Add to this the WTO TBT and SPS agreements, and the Vienna and Dresden agreements on standards, and we see that much more of the Single Market acquis has been ceded to regional and global organisations – to say nothing of the global nature of financial services legislation.

Totally under the horizon, we have also seen the emergence of a systematic process for standard-setting, via UNECE's WP.6, which has the support of the EU and the participation of all EU Member States. For a post-Brexit UK, this would be the obvious – and effective – forum for cooperation on standards setting, keeping the UK full in the loop on developing the Single Market.

Such matters, though, are totally above the "pay grade" of the average journalist, most of whom are still wittering about the "loss of influence" and "fax law" if we take the EEA option. The idea that Norway could actually have more influence, rather than less influence outside the EU, is totally beyond their grasp.

Eventually, we suppose, some of them will catch up – but the process is painfully slow.
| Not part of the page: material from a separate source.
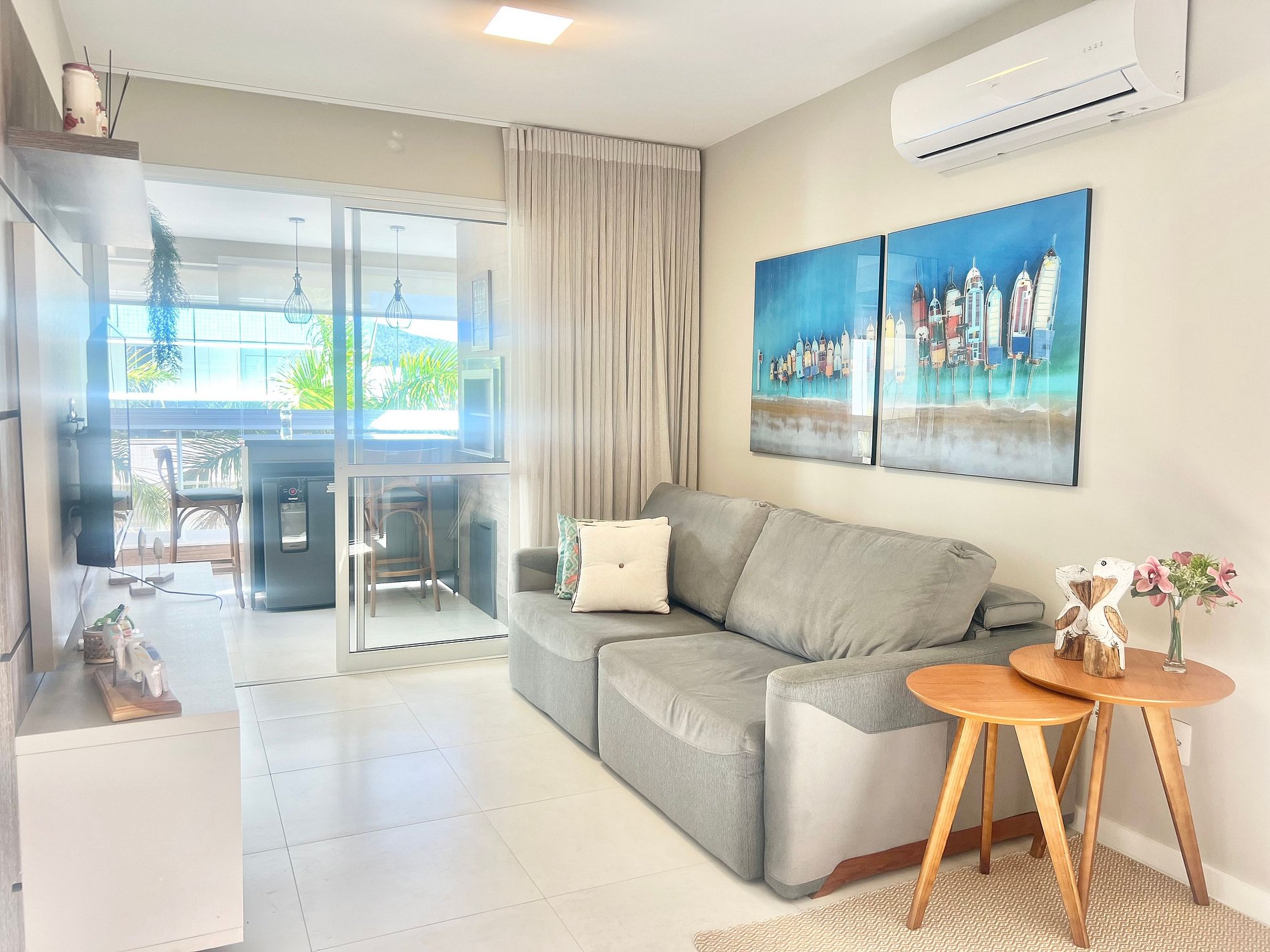Lindo apartamento em condomínio com piscina na praia de Palmas. Com duas suítes. Localização perfeita na Praia de Palmas, essa propriedade conta com internet Wifi, Smart TV, ar condicionado nos quartos e sala, churrasqueira, cozinha super completa.

Issues we were writing about three years ago have still to be settled by the legacy media and many of the politicians, who seem stuck in their own laborious version of Groundhog day. At least, in the film, the loop came to an end. There is no certainty that it will do so in real life.

Perversely, we see in The Times Matthew Parris complaining that: "The British disease is now rank ineptitude", writing that, "whatever the trade or profession it seems to be considered bad form to root out the stupid and the incompetent". Significantly, though, he does not include journalism in his list of failing trades.

Then we get the likes of Nigel Jones in the Telegraph telling us that the Leave majority in the Conservative party should set aside their differences with Ukip, and working with Ukip's new leader Paul Nuttall to mount a grassroots campaign to press the Government in the direction of the EU's exit door, with a view to achieving a "clean break".

Clearly, Jones has not noticed that there is not a fag paper between the position of the Tory Right and Nuttall's Ukip, which now has Gerard Batten for its Brexit spokesman calling to ditch Article 50 and repeal the European Communities Act – exactly the stance taken by John Redwood.

As we begin to see in Nuttall another of those Walter-Mitty figures with extremely ambiguous CVs, one would have thought the best option for the Conservatives would be to put as much distance between them and Ukip as they possibly could.

Little did we think for all those many years when we have been dreaming of leaving the EU that, when the great event finally came, the driving force would be the incompetence of the major players – from ministers who don't know the basics, to MPs locked in their private miasmas of ignorance, and a legacy media which inhabits a different planet.

One can only hope that, deep within the bowels of government, there are people who do know what they are doing. But if there are such people, they are keeping themselves extremely well-hidden.